| HN Mirror

Y	Hacker News new \| ask \| show \| jobs

by psykotic 1539 days ago

> It's possible to build a hash on tolerant doubles by making two hashes per lookup, and even complex numbers with four per lookup, but no one's figured out how to deal with entries that contain multiple numbers yet.

I'm curious what obstacle you have in mind for "multiple numbers".

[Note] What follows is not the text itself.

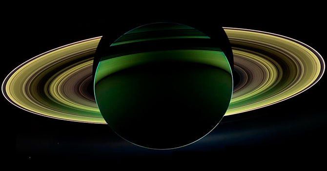Снимок Сатурна и его колец, сделанный аппаратом «Cassini», с использованием инфракрасного, красного и фиолетового фильтров. В нижнем левом углу мерцают два спутника планеты – Энцелад и Тетис.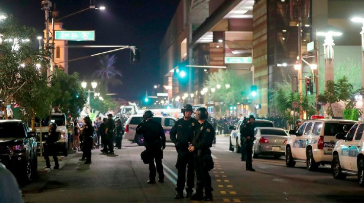 NOTE: Anti-Trump protesters causing violence, attacking police, tearing down barriers.

The problem is equivalent to a distance query on a data structure, i.e. enumerate everything within a distance tol of a query point x in an appropriate distance metric. There are many data structures for this problem (it's a basic building block in computational geometry). But I assume the hashing solution you have in mind is what we usually call a hash grid in gamedev and graphics, which works well when tol is fixed for the lifetime of the data structure. [1] Namely, you define a grid with cell size tol and map a point x to the index cell(x) of its containing cell, which is just a rounding operation. Then you can use a hash table keyed by cell(x) to store the contents of an unbounded, sparse grid. To perform a distance query from x you need to check not just x's cell but some of the immediately neighboring cells and then filter all of those candidates based on the pairwise distance. [2] [3]

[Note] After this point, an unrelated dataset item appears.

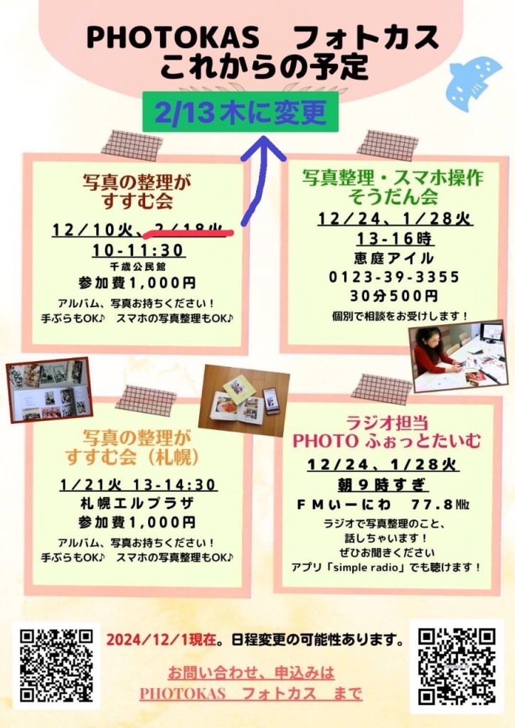 - 写真整理をテーマとした講座(道新文化センター 「古い写真を整理」)⇒終了

This approach works with any distance metric (including the usual suspects L^2, L^1 and L^inf) and in any dimension d although the worst-case number of cells to check in the hash is 2^d, so the curse of dimensionality is present and in high-dimensional spaces another data structure not based on rectilinear partitioning would be preferable. But hashing does work with "multiple numbers" if by "multiple numbers" you mean a vector (with not too many components) where tolerance is defined by a distance metric.

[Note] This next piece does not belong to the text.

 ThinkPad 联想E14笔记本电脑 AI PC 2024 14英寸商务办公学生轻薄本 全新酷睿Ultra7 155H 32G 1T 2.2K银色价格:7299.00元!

[1] Actually, hash grids work well any time the query radius is on roughly the same scale as the cell size. But if the query radius is a lot smaller than the cell size then the grid is too coarse to perform adequate pre-filtering. And if the query radius is larger than the cell size you have to check a bigger neighborhood of cells (i.e. more hash lookups) to enumerate all the candidates.

[2] Depending on the read vs write ratio, you can actually flip this around by storing each point in multiple cells so that queries only need one hash table lookup at the expense of slightly less precise pre-filtering.

[3] Instead of doing multiple hash table lookups, you can also have each occupied cell store pointers to neighboring cells (null for unoccupied neighbors), which replaces hash table lookups for the neighbors with plain memory loads. A variation on this trick is to instead store bit flags to avoid doing hash table lookups for neighboring cells which are known to be empty; this takes up far less memory.